One of these moments is when a customer realises they can make a claim with FSCS, and must choose whether to claim directly for free, or use the services of a representative. We have recently spoken to a number of our customers who chose to use representatives to find out more about why they made that decision and how much they knew about their options. 41% of the customers we spoke to were not aware there was a free option, and around three in five told us they would definitely make a claim directly for free if they ever had cause to do so again. The insights from this research are helping us shape the next phase of our consumer strategy.

To support our work, data is key. We are creating a new insight and data hub for our teams to use and we are continuing to invest in our data capabilities so that our unique view on the industry can be captured and shared. This will help us continue to highlight issues and opportunities to the industry, regulators and others. It also helps to expose poor behaviour and pinpoint the root causes of harm so that effective solutions can be proposed.

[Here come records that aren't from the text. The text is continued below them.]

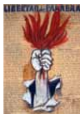
Study, Libertad de Palabra [Freedom of Speech] , 1941 Designed by Herbert Bayer (American, b. Austria, 1900-85) New York, NY Pastel and graphite on paper 10 1/8 x 7 1/8 in (25.7 x 18.1 cm) The Wolfsonian-Florida International University, Miami Beach, Florida, The Mitchell Wolfson, Jr. Collection TD1994.36.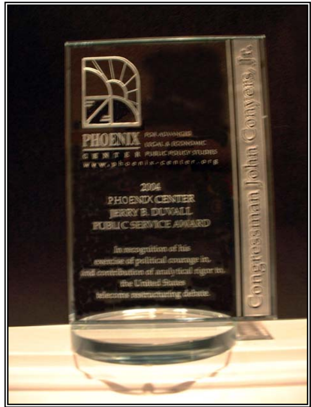
The Duvall Award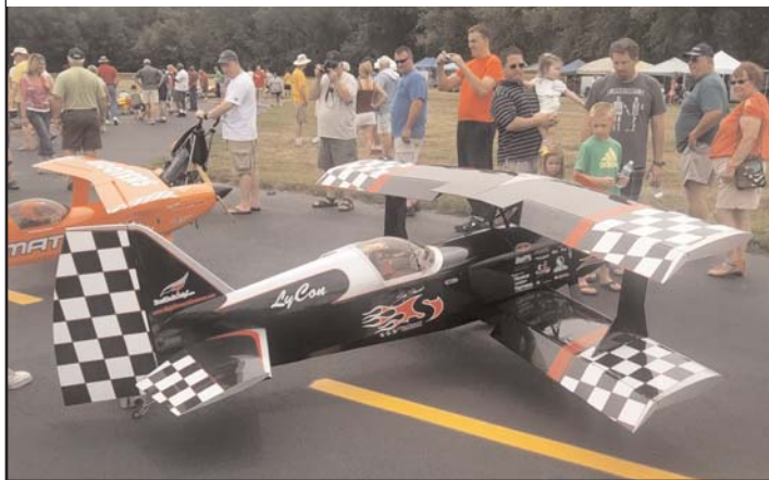
A pair of very big, beautiful Bipes at the Buder Park GSLMA Big Bird Fly-In on July 14.

Data also helps us with our recoveries work. Once we have paid compensation, the customers’ legal rights are transferred to FSCS. This allows us to try and recoup the compensation we have paid which essentially offsets future levies. Sometimes we recover uncompensated losses too, which we are able to pass onto customers. We can pursue recoveries against the firm that has failed, usually by making a claim in the firm’s insolvency, and against any relevant third parties who may also carry legal responsibility for our customers’ losses. These might include, for example, the professional indemnity insurers of the firm in default. Since the 2015/16 financial year, we have successfully recovered more than £290m.

We will continue to update our levy forecasting throughout the year and will share our next major update with you in the autumn edition of Outlook.